9:06 AM on 06.30.2008

Long MAME update is long

I don't know how many members of the community care about MAME or emulation. I imagine many people kind of figure that MAME is a little passé. But that's exactly why I decided to write this blog, because if you take a look at one of the latest "whatsnew.txt" files (Check it here), you will see a tremendous amount of effort being put in to fixing bugs in games as old as Qix, Joust, and Choplifter.

These days, MAME really isn't considered the phenomenon it was just a couple of years ago. We live in an age when, whether you like it or not, emulation is a fact of video game life. It's not just an underground hobby anymore, it's also a commercial product. Between compilation discs put out by Capcom, Namco, and SNK, and the entire Wii Virtual Console library, emulation is a mainstay.

When I looked at the update to unofficial build v0.1257, I was astounded to see so much work being put into a project that is well over 10 years old. Thoughts about the legality of ROMs aside, MAME is, far and away, the only way that many people in a much younger generation than my own will ever have to experience the roots of video game history. Sure you can encounter the not-so-rare Pac-Man/Galaga combo at a few arcades, but you don't rarely see anymore Dig Dug or Donkey Kong cabinets. Centipede has been included in a number of console compilations, and is even on XBLA, but if you're not playing with a trackball, you're not really playing Centipede. That control method is as integral to the play experience as the graphics and sound.
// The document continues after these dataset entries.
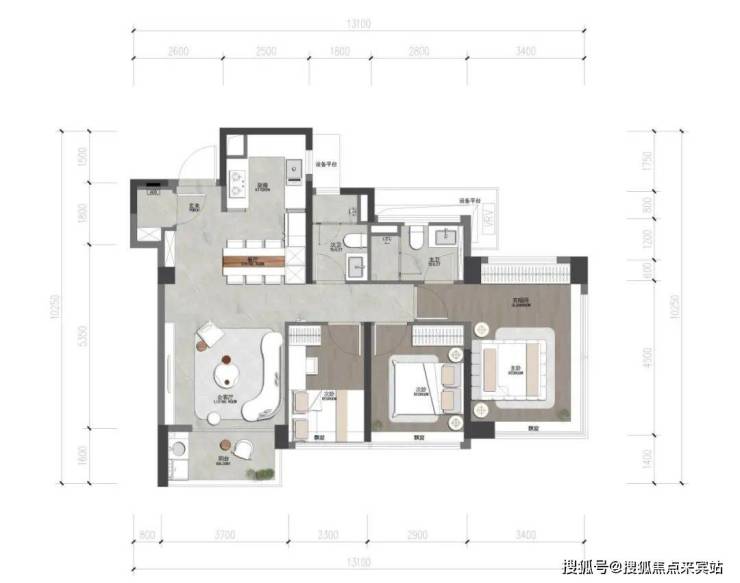 •可变空间:根据不同需求进行灵活调整:厨房打开形成中西厨+岛台空间;次卧打开,形成横厅X空间。
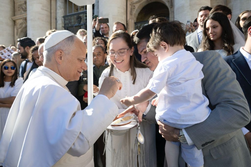 O casal havia se inscrito previamente para o momento reservado a autoridades e famílias, com um desejo claro: receber a bênção do pontífice para o filho.
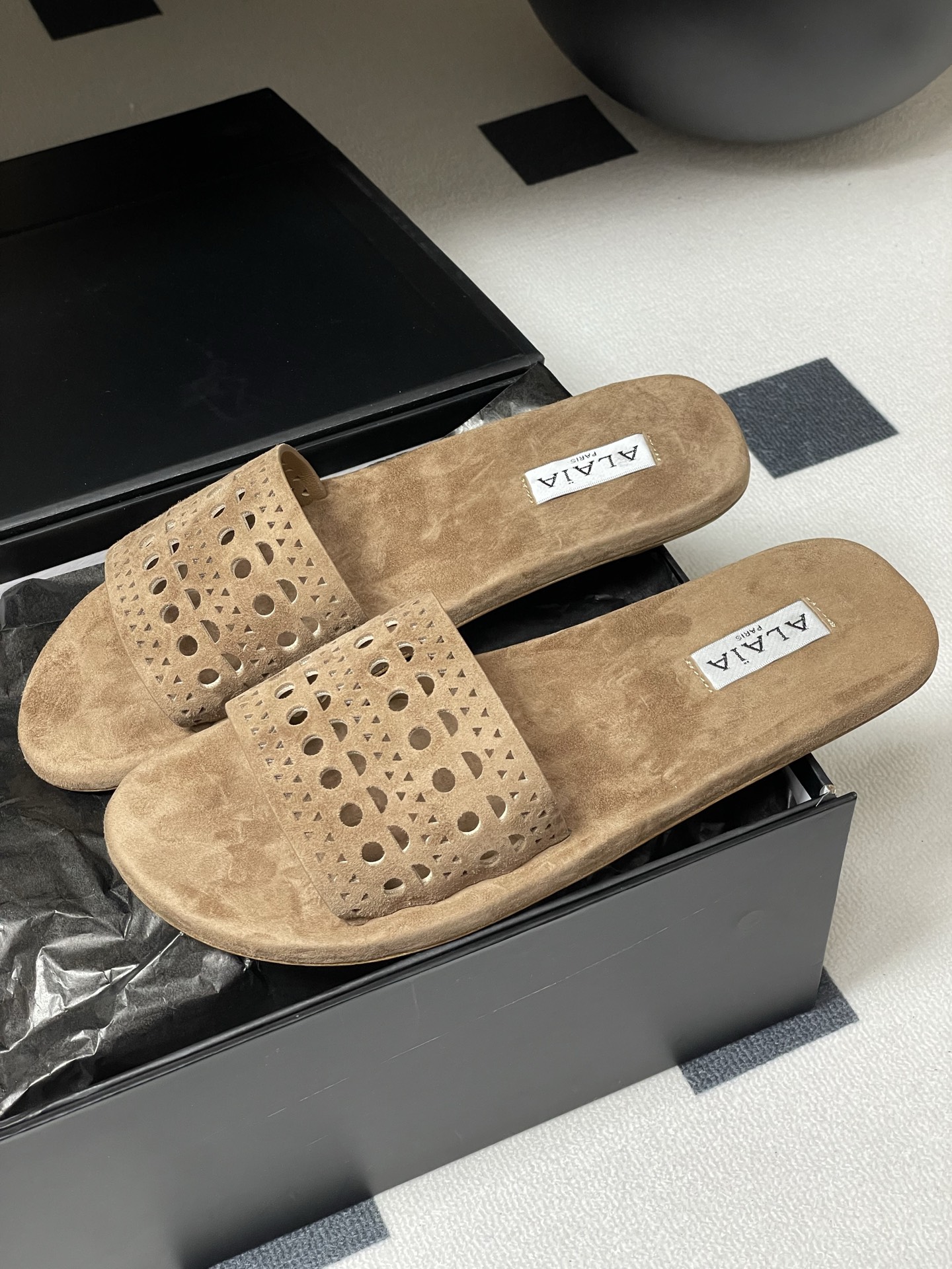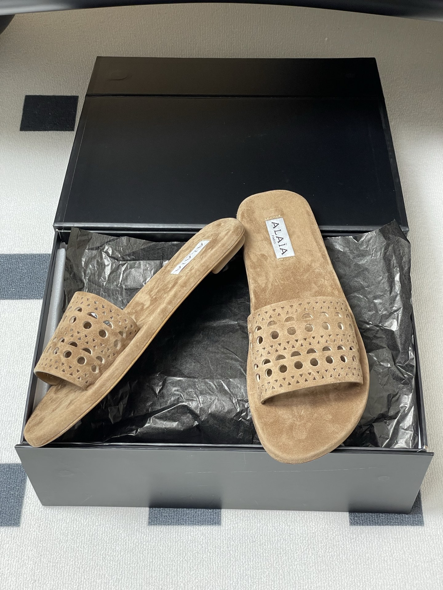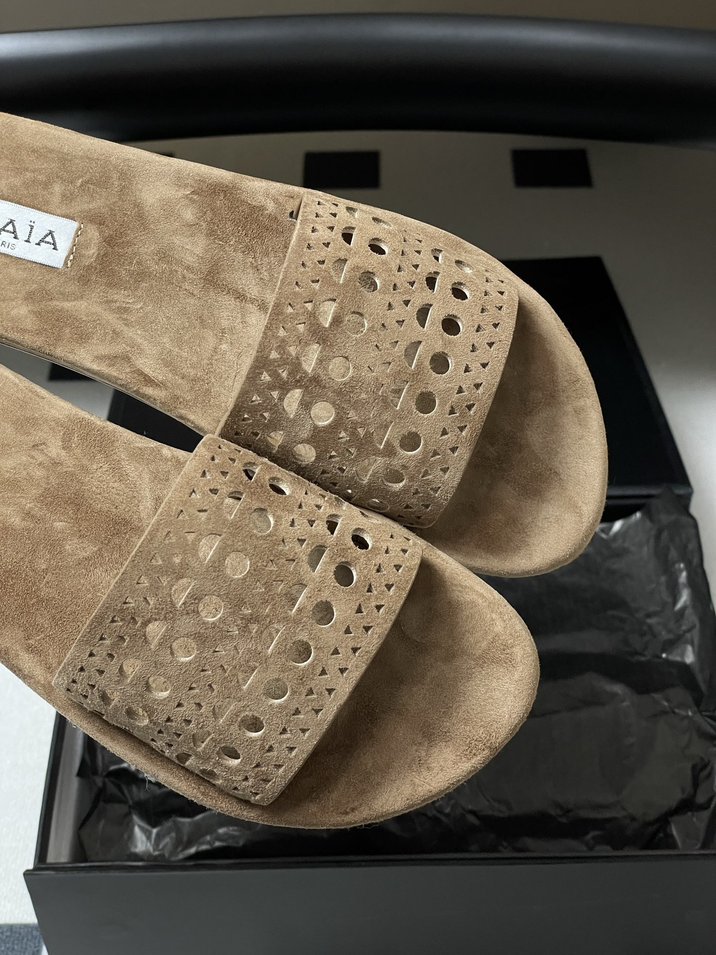 This shoes is AAAAA 1:1 quality (superb). Materials used are identical to the original ones. Alaia trademark marks are indistinguishable to the authentic. Photos take by actual shoes, what you receive will be 100% same with our photos.

It's too bad that once video games are released to the market, the underlying code used to produce them can't get the same TLC that MAME does, and as frequently. If it did, we wouldn't see so many bugs that linger on in the 1s and 0s burned on to the disc years after they were published vanish with patches. We'd live in this near flawless land of perfectly running code, and we'd even engine upgrades long after a game was published. And maybe that sort of thing is possible as the market shifts from retail shelf space to digital downloads. I'm not saying this prediction is realistic, it would just be kind of cool.   read

5:55 PM on 06.29.2008

Crackout - It's not what you think.

Early on in 1986, Taito took the basic gameplay made famous by Atari's Breakout, and gave it nice facelift. They released a game that, while not legendary in everyone's book, was certainly a genre defining game; Arkanoid. Arkanoid was more than a paddle and ball game, you could gain power-ups by breaking certain bricks and catching the capsules that fell out, and players generally enjoyed it. So it seemed only natural that this successful game would make it's way to the popular Famicom platform, and it did... but not before someone else beat them to the punch.

Someone at Konami must have liked Arkanoid very much, because they decided to make a very similar game and release it on Nintendo's Famicom Disk System platform. They called it Nazo no Kabe: Block Kuzushi, or "The Riddle of the Wall: Block Destroyer." The irony here is that they completed the game and got it to the market almost two weeks before Taito released Arkanoid for the Famicom. It would take several years before Nazo no Kabe saw the light of day outside of Japan, but localization company Palcom saw fit to release the game in Europe. A prototype was designed for the American market, but was never released. The new name of Nazo no Kabe in Europe? Crackout. (Catch the guide right here.)

The odd choice in names aside (an obvious play on the more familiar name of Breakout), this game is actually pretty sweet. It differs from Arkanoid in quite a few ways. While Arkanoid plows through a set of stages, Crackout breaks the game into four sections of 11 stages each. In Arkanoid, you get power-up capsules from the bricks you break, but in Crackout, you can only get them from the enemies that you hit. One of the power-ups includes a rocket that you can launch up at the screen, and then press the button once more to bomb a section of the wall. This is needed to clear bricks that are trapped inside unbreakable silver bricks.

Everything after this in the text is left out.